Gap between the cabin cover and overhead console

Laying up fiberglass shim for the overhead console

Overhead console in place to form shim

Overhead console shim after curing

No more gap between the cabin cover and overhead console

With that, I finished drilling the overhead console to attach it (when we previously detected the gap, we had only made a couple of holes - just enough to keep it in place but not enough for the attachment later):

Overhead console clecoed in place

I also made holes for running wires between the console and the switch pod:

Wiring holes on the overhead console

Wiring holes with the switch pod in place

I also attached the ventilation flanges for the overhead console, and riveted the baggage bulkhead channel to the top bulkhead - this may make it a bit harder to rivet the tailcone top skin later, but I didn't really have a choice due to the ordering of attachments:

Overhead ventilation flanges riveted in place


Finally, I started sanding the uncovered parts of the cabin cover, but that's one large exercise in patience, so there's a lot more to do there.

Time lapse:


Total cabin cover rivets: 64
Total cabin cover time: 77h

Interior covers priming and painting

I installed the remaining nutplates for attaching the interior panels:

Interior panel nutplates installed

It was then time to prime and paint most other cover panels:

Applying primer to cover parts

Getting soaked by a burst water hose while washing parts with Prekote

Primed and painted cover parts

I riveted the nutplates and splice plates that go on those:

Painted/primed mid cabin side covers with nutplates on

All cover panels in place

Painted seat back brace closeout, with O2 fill valve brackets riveted in place


Time lapse:


Total access cover and floor panel rivets: 596
Total access cover and floor panel time: 44.1h

Tailcone avionics and battery mounting

Before joining the tailcone to the fuselage, I cut and drilled a tray for avionics (to be refined later when I actually have the avionics to mount):

Match-drilling the tailcone rails to the avionics rack

Avionics rack screwed in place

With my intention of using 2 EarthX batteries, I had to figure out how to attach them (the standard bracket doesn't do a good job since the batteries are smaller).
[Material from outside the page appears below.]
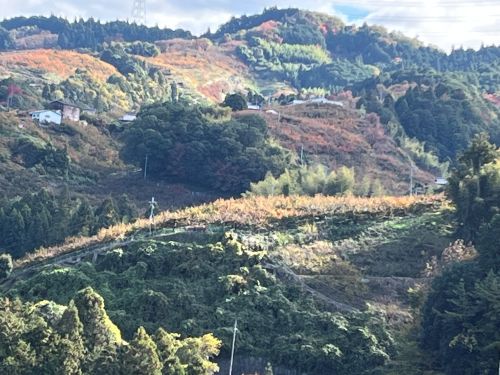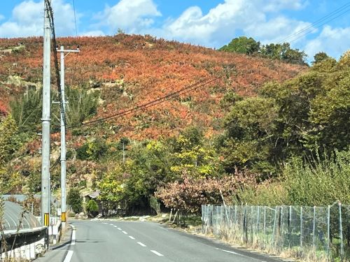京奈和道路の五條インターに差しかかると、遠い山肌にオレンジ色の帯が見える。

Physical parts for the battery installation

 I took that as an excuse to learn Fusion 360, model the parts, and sketch some ideas there:


I started with some custom brackets to attach it to the existing structure, unmodified:

Higher "shelf" for the second battery

Battery hold-down bracket that only attaches the EarthX vertically

Battery hold-down bracket that fits the EarthX shape all around it

Those would work, but they add some weight and are not really "elegant" solutions, so I tried a few options with EarthX's official box (which I also had to model):

Attaching the batteries with the EarthX official box

Attaching the batteries with the EarthX official box, laterally

(if these models are useful to anyone, you can find them here)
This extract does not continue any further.